═══ MATERIAL SHOWN

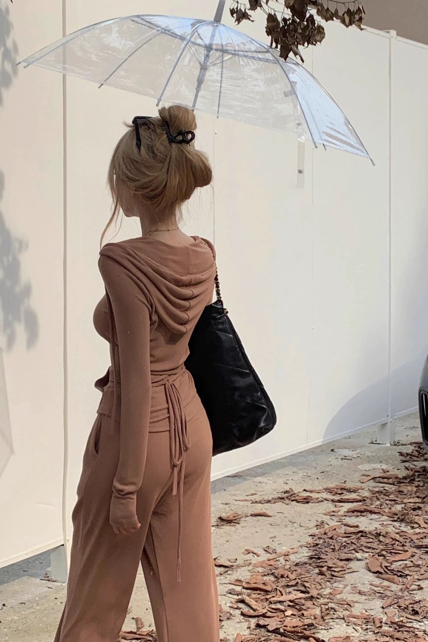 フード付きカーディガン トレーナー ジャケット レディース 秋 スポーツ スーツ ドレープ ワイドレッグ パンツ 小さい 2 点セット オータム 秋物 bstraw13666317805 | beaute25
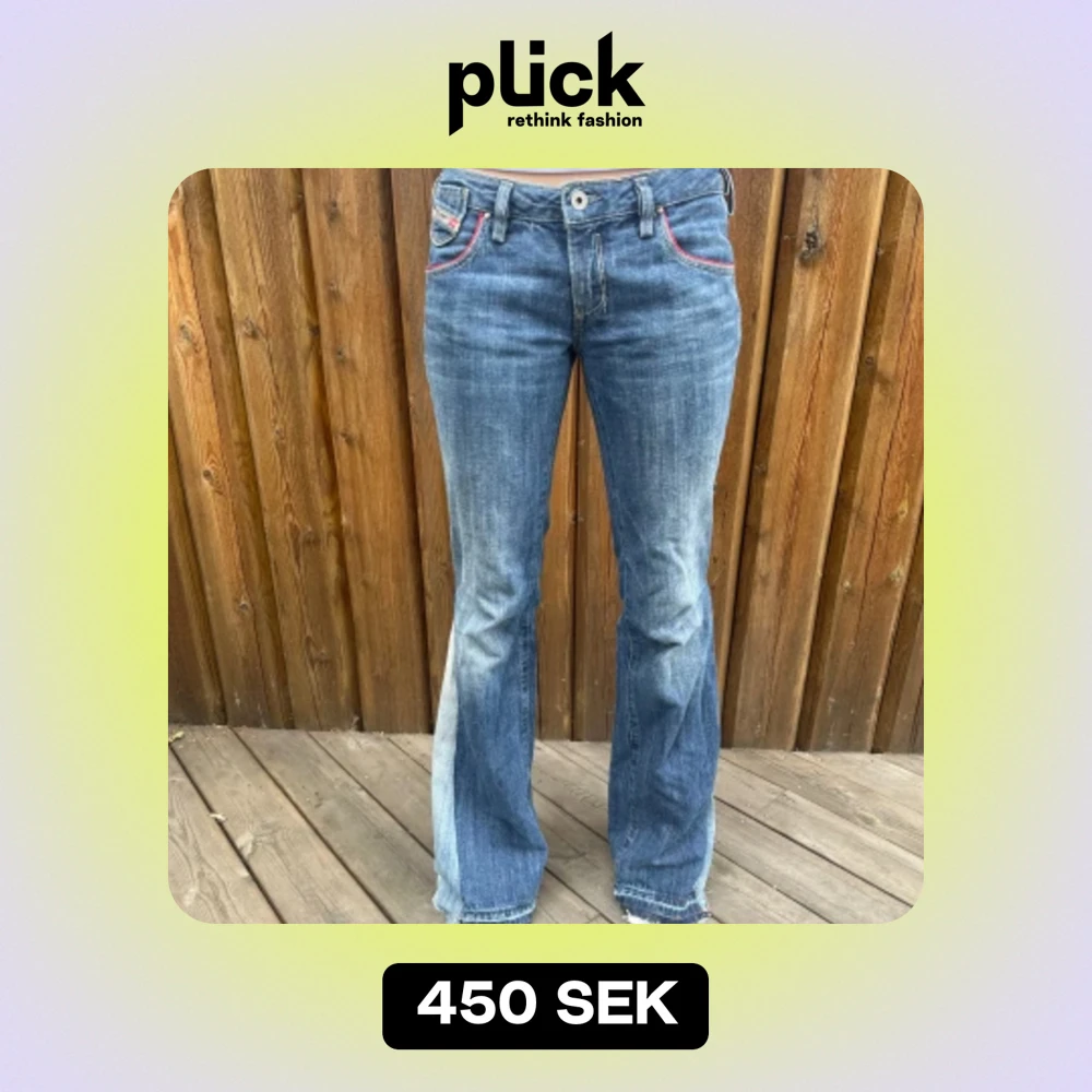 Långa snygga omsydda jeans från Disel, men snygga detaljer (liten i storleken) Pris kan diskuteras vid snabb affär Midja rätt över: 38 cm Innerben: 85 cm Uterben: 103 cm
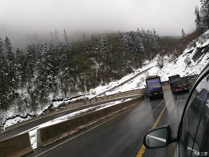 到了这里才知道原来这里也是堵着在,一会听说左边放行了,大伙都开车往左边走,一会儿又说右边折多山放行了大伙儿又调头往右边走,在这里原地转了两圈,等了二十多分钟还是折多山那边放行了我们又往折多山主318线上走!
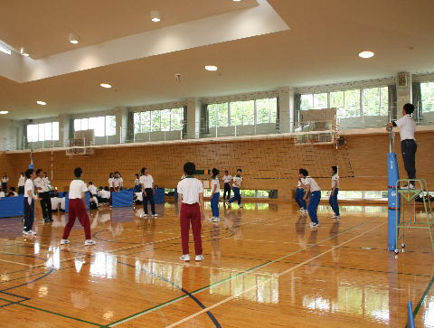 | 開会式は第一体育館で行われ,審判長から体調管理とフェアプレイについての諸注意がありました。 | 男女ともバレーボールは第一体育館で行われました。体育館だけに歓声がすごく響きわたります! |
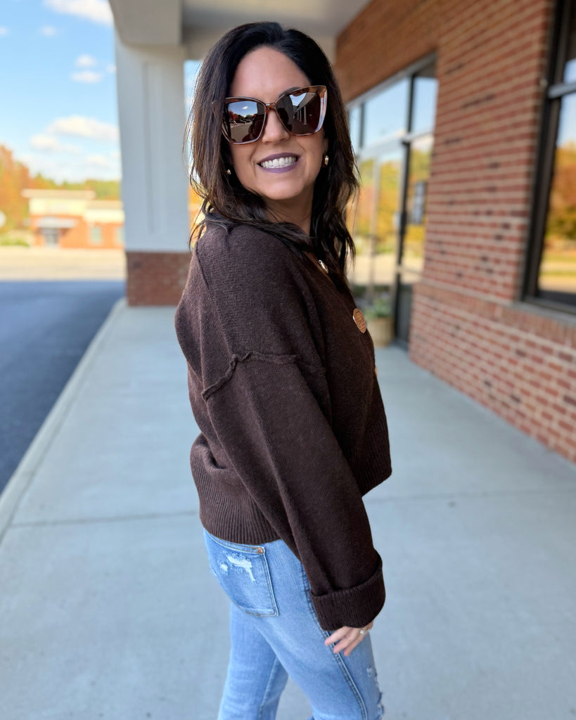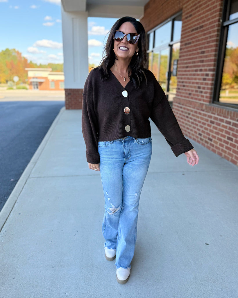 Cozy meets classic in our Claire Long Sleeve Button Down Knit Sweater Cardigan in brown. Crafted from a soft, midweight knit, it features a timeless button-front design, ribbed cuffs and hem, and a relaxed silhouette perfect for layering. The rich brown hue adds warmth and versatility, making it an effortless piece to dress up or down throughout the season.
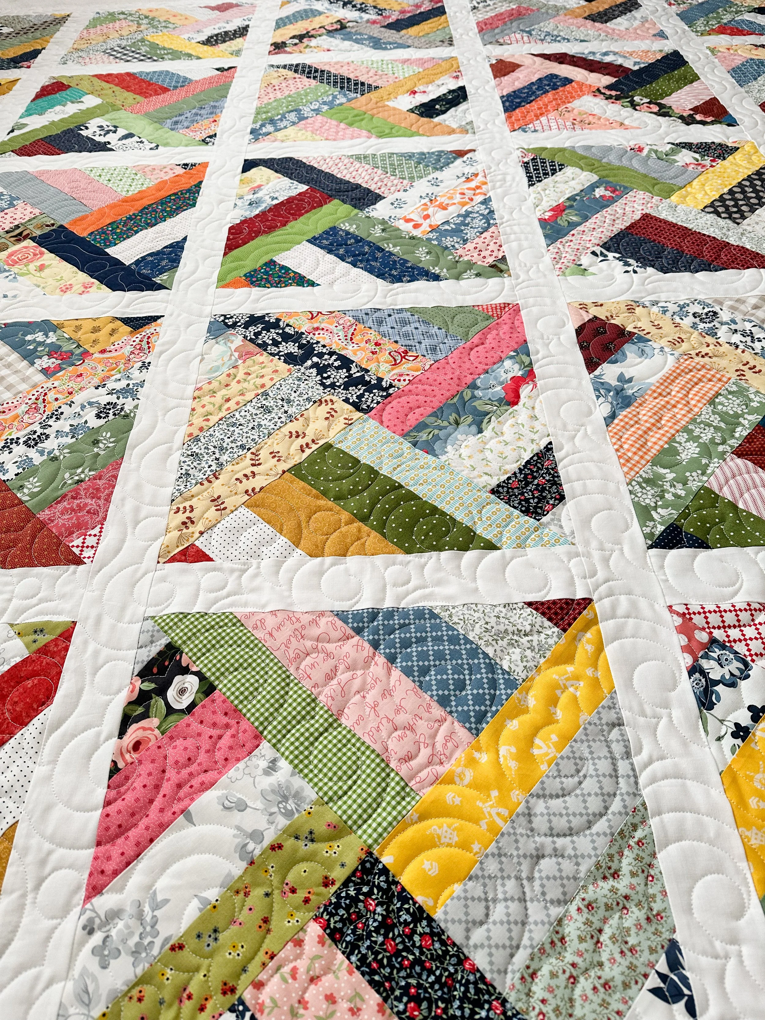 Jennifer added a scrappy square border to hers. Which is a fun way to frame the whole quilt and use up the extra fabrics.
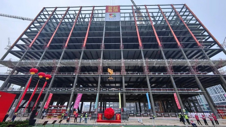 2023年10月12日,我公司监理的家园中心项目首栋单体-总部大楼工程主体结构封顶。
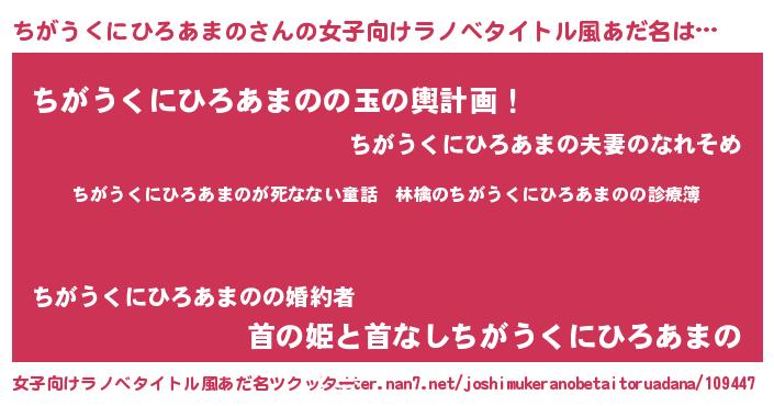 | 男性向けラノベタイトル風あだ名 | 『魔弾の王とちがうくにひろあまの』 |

══════
═══ MATERIAL SHOWN

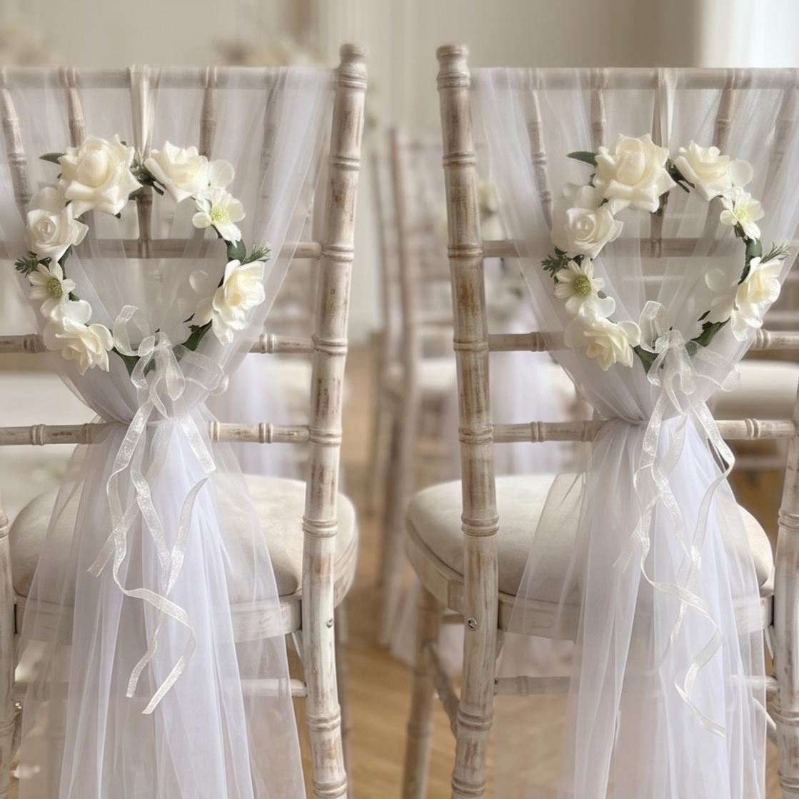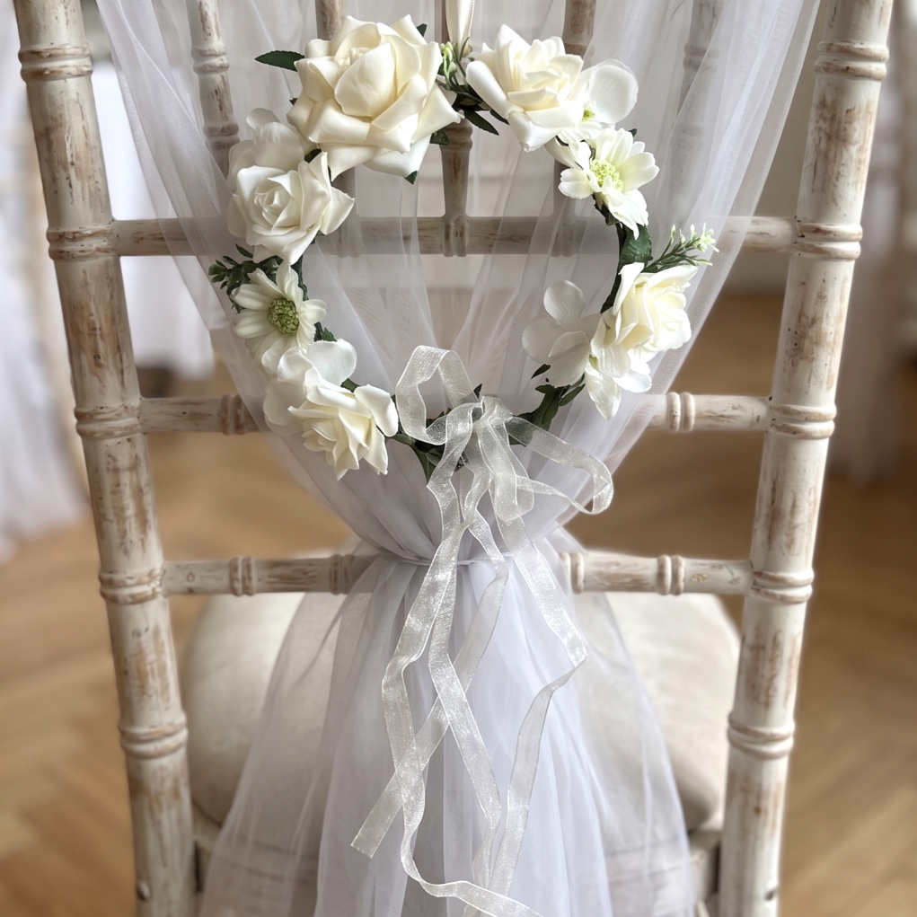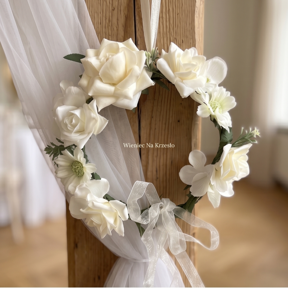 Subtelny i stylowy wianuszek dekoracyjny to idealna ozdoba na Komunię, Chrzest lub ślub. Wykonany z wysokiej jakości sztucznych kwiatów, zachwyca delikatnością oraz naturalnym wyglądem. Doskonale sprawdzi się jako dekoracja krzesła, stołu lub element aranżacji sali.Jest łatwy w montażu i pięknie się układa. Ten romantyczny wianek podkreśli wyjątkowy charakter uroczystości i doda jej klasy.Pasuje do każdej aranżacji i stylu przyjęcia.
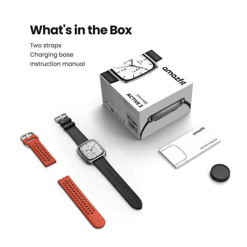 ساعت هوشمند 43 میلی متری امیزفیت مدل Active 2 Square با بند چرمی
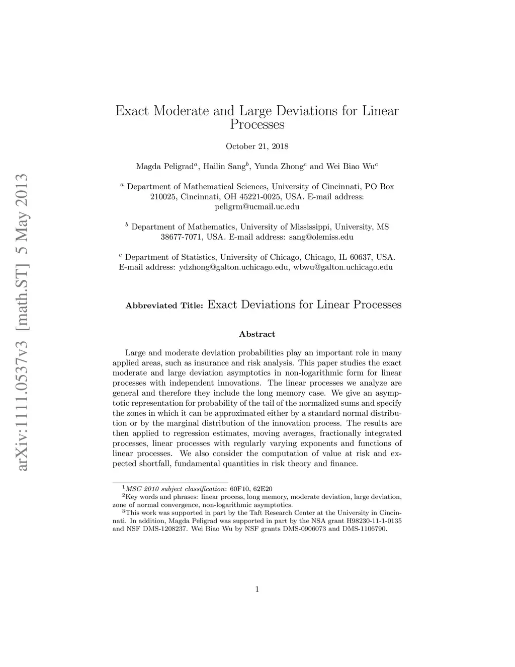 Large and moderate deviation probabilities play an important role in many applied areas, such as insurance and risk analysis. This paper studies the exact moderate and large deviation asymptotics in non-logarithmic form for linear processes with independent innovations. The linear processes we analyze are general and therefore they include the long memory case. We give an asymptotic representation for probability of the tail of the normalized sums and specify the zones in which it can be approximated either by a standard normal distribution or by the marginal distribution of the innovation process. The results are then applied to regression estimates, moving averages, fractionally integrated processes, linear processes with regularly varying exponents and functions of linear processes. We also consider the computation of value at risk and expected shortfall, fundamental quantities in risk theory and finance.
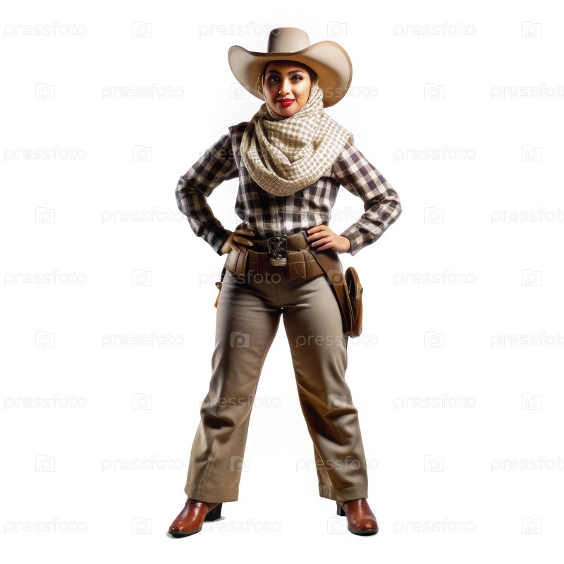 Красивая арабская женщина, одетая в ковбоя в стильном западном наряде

══════
═══ MATERIAL SHOWN

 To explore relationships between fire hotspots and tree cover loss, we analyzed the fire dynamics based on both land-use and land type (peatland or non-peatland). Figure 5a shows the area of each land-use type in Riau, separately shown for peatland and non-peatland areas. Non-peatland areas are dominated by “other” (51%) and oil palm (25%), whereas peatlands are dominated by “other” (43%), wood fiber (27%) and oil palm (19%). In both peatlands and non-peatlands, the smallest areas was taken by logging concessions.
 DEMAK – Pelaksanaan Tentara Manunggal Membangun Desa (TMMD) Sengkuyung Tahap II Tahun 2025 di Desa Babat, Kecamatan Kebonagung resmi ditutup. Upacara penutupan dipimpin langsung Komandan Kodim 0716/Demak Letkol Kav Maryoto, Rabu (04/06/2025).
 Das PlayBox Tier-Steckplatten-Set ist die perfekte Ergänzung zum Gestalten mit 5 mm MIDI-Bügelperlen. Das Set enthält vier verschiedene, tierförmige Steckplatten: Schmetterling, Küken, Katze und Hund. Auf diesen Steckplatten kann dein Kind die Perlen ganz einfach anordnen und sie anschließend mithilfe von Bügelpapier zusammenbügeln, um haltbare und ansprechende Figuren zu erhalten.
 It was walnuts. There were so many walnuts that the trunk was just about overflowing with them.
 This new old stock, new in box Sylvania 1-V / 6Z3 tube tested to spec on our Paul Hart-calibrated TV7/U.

══════

→ **TRY IT**
Here the job is to copy the stretch of records from the line containing "Cozy meets classic" through the line containing "Jennifer added a", word for word. Leave every picture out.

→ **EXPECTED OUTPUT**
 Cozy meets classic in our Claire Long Sleeve Button Down Knit Sweater Cardigan in brown. Crafted from a soft, midweight knit, it features a timeless button-front design, ribbed cuffs and hem, and a relaxed silhouette perfect for layering. The rich brown hue adds warmth and versatility, making it an effortless piece to dress up or down throughout the season.
 Jennifer added a scrappy square border to hers. Which is a fun way to frame the whole quilt and use up the extra fabrics.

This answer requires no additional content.